*** Begin section ***
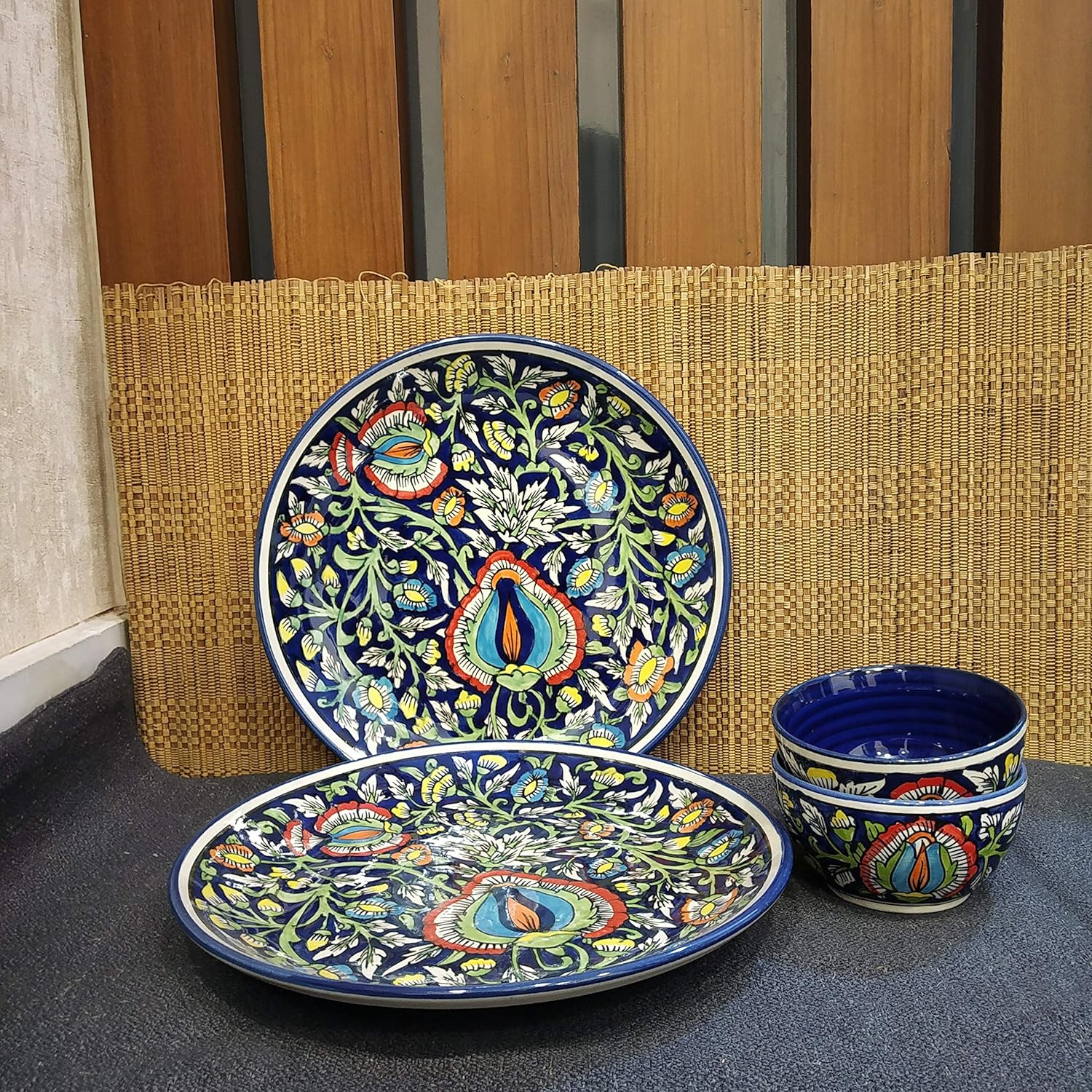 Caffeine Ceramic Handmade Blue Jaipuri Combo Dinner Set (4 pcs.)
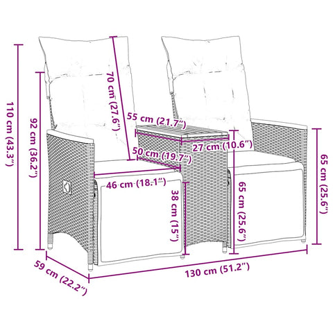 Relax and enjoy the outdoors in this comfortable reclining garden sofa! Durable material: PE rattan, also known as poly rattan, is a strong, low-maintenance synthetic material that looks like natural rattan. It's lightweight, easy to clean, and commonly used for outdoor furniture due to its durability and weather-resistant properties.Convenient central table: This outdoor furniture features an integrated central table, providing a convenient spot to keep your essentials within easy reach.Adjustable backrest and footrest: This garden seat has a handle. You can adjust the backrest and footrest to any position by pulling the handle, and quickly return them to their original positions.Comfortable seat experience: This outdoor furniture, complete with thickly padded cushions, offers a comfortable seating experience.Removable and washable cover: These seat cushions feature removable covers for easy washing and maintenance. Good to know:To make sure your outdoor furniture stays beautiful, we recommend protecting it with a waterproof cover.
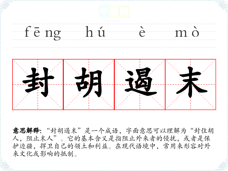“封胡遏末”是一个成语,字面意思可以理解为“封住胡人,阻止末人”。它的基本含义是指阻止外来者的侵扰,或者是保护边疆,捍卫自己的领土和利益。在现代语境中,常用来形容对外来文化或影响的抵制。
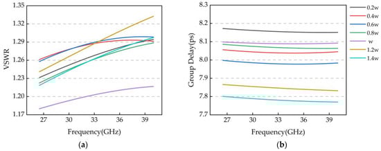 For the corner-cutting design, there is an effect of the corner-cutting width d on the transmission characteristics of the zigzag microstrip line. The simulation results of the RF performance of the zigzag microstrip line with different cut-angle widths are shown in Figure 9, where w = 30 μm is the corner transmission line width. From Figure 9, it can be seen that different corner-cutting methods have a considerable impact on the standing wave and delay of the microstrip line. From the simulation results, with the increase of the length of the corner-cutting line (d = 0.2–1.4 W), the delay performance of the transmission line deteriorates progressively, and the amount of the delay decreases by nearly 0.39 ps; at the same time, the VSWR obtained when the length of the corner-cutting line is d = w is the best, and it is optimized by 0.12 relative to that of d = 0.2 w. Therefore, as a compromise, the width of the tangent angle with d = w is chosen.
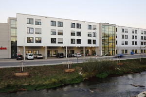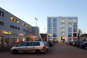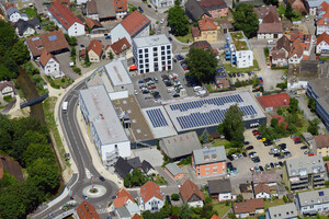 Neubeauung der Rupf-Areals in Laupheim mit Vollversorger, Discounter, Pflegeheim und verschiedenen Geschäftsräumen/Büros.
*** End section ***
* Work required: Starting at the line that contains "For the corner-cutting", reproduce exactly and only the lines through the end of the entries above, with the pictures excluded.

* Response to this task:
 For the corner-cutting design, there is an effect of the corner-cutting width d on the transmission characteristics of the zigzag microstrip line. The simulation results of the RF performance of the zigzag microstrip line with different cut-angle widths are shown in Figure 9, where w = 30 μm is the corner transmission line width. From Figure 9, it can be seen that different corner-cutting methods have a considerable impact on the standing wave and delay of the microstrip line. From the simulation results, with the increase of the length of the corner-cutting line (d = 0.2–1.4 W), the delay performance of the transmission line deteriorates progressively, and the amount of the delay decreases by nearly 0.39 ps; at the same time, the VSWR obtained when the length of the corner-cutting line is d = w is the best, and it is optimized by 0.12 relative to that of d = 0.2 w. Therefore, as a compromise, the width of the tangent angle with d = w is chosen.
 Neubeauung der Rupf-Areals in Laupheim mit Vollversorger, Discounter, Pflegeheim und verschiedenen Geschäftsräumen/Büros.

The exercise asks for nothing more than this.